§ **Task prompt**
The lines to extract run from the start of the records through the line with "(¬5) ن: حديث", both ends included; drop the pictures.

Source data
********

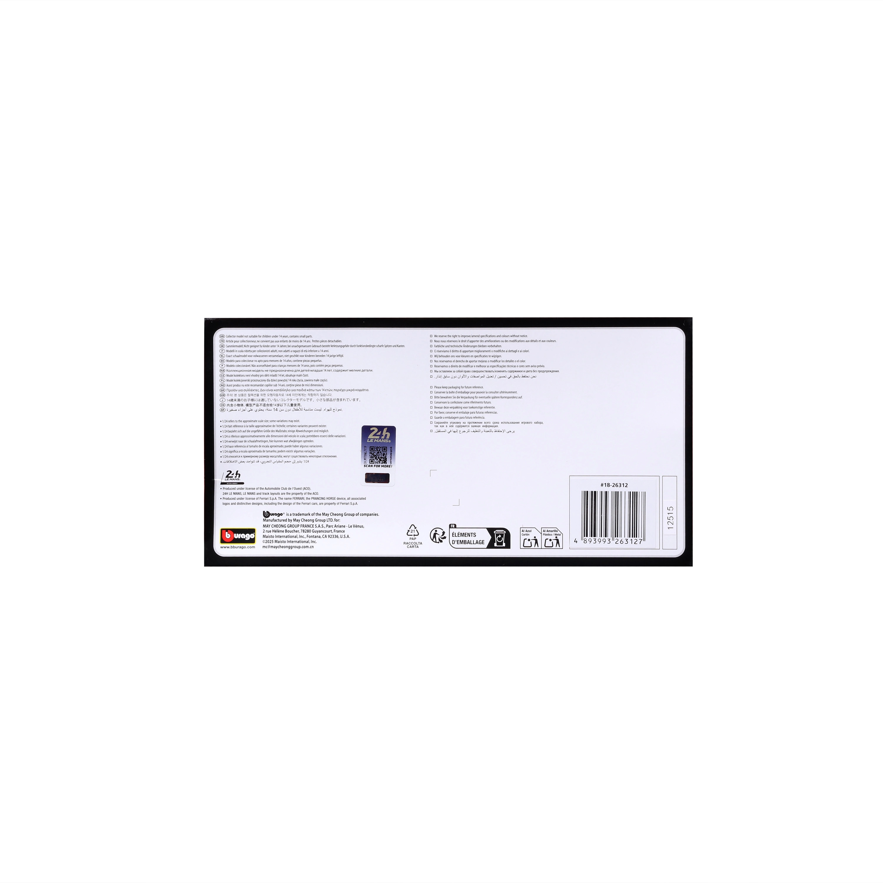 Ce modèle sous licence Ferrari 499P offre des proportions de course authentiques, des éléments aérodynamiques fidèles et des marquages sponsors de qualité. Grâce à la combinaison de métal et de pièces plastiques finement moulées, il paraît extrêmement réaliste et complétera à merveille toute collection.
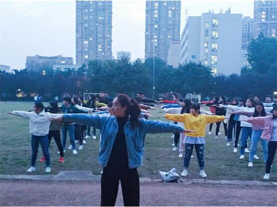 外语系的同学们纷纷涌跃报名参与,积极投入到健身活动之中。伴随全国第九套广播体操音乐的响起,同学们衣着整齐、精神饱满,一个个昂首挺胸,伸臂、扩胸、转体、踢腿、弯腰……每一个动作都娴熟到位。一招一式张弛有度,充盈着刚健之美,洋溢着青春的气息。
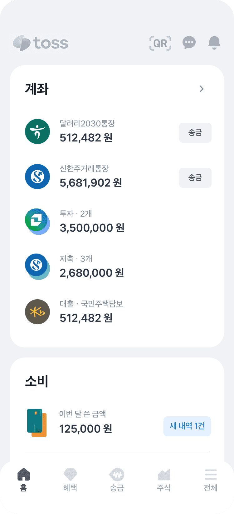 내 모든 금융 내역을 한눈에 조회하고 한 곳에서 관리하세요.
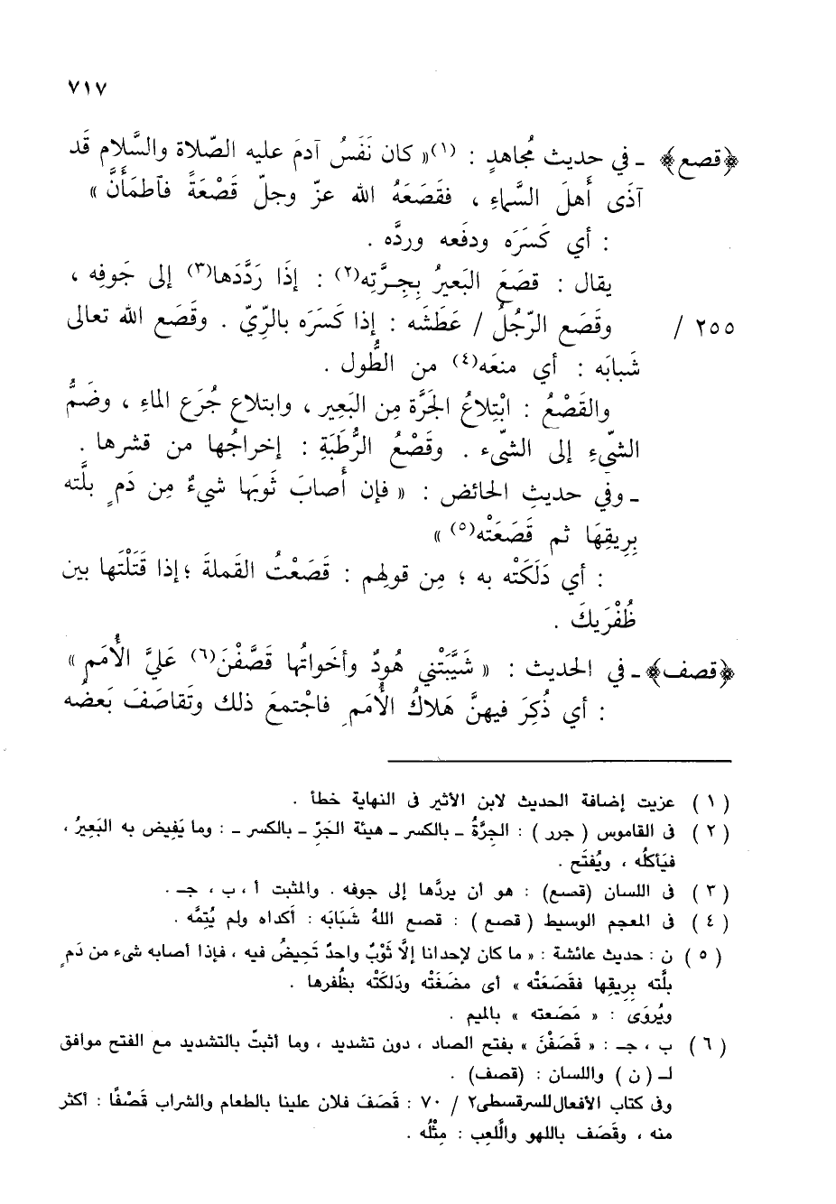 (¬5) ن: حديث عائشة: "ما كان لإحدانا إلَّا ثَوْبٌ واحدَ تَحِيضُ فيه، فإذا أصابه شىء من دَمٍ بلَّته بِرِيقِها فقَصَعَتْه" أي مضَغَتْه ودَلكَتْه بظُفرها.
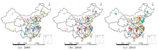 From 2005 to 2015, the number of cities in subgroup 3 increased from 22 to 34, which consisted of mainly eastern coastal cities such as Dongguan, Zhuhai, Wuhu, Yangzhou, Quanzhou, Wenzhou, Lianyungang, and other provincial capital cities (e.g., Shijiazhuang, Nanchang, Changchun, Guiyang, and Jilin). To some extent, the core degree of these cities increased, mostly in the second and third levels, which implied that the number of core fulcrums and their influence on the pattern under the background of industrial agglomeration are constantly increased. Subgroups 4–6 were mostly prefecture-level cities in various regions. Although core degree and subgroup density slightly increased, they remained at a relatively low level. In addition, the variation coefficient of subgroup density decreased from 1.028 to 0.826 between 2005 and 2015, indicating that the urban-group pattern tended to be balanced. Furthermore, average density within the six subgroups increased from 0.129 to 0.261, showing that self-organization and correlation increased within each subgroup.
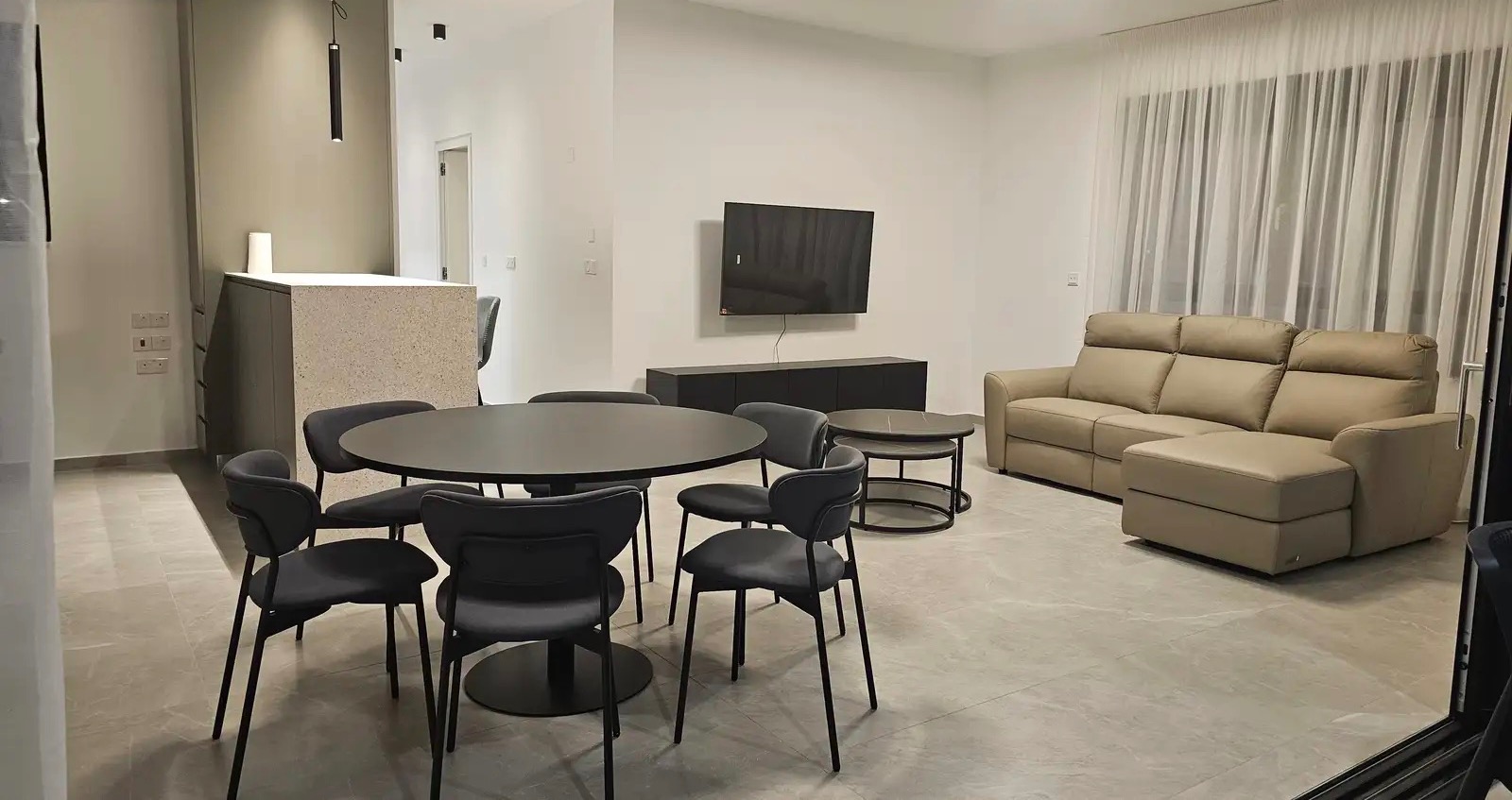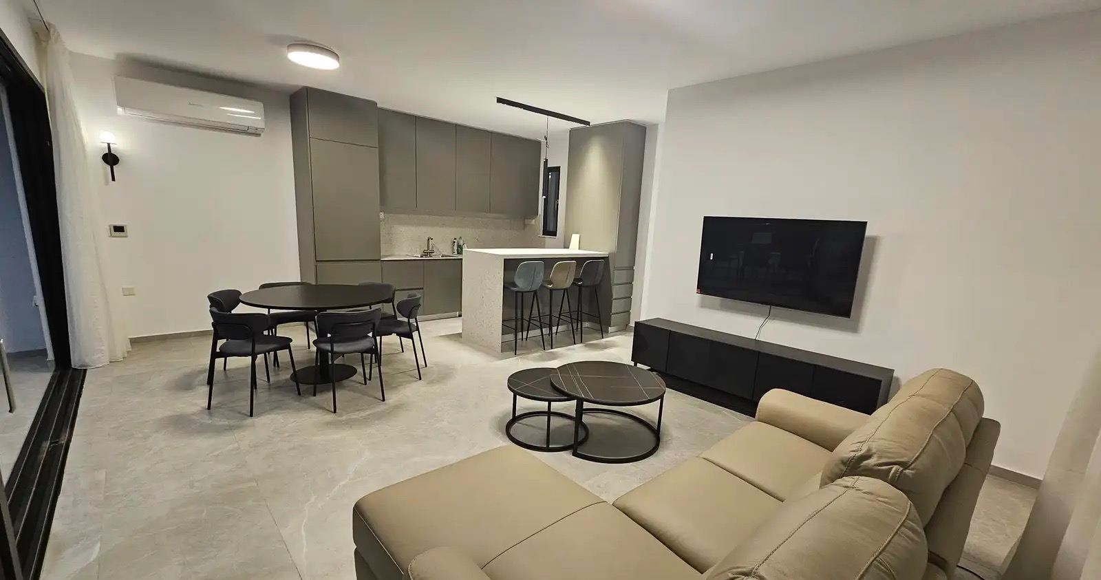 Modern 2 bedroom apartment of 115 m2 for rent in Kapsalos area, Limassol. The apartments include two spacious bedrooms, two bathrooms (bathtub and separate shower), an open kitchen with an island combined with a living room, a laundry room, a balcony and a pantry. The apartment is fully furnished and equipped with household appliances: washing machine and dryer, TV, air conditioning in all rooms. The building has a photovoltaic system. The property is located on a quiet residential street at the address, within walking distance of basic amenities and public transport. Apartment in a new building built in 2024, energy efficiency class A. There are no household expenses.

********

§ **Expected output**
 Ce modèle sous licence Ferrari 499P offre des proportions de course authentiques, des éléments aérodynamiques fidèles et des marquages sponsors de qualité. Grâce à la combinaison de métal et de pièces plastiques finement moulées, il paraît extrêmement réaliste et complétera à merveille toute collection.
 外语系的同学们纷纷涌跃报名参与,积极投入到健身活动之中。伴随全国第九套广播体操音乐的响起,同学们衣着整齐、精神饱满,一个个昂首挺胸,伸臂、扩胸、转体、踢腿、弯腰……每一个动作都娴熟到位。一招一式张弛有度,充盈着刚健之美,洋溢着青春的气息。
 내 모든 금융 내역을 한눈에 조회하고 한 곳에서 관리하세요.
 (¬5) ن: حديث عائشة: "ما كان لإحدانا إلَّا ثَوْبٌ واحدَ تَحِيضُ فيه، فإذا أصابه شىء من دَمٍ بلَّته بِرِيقِها فقَصَعَتْه" أي مضَغَتْه ودَلكَتْه بظُفرها.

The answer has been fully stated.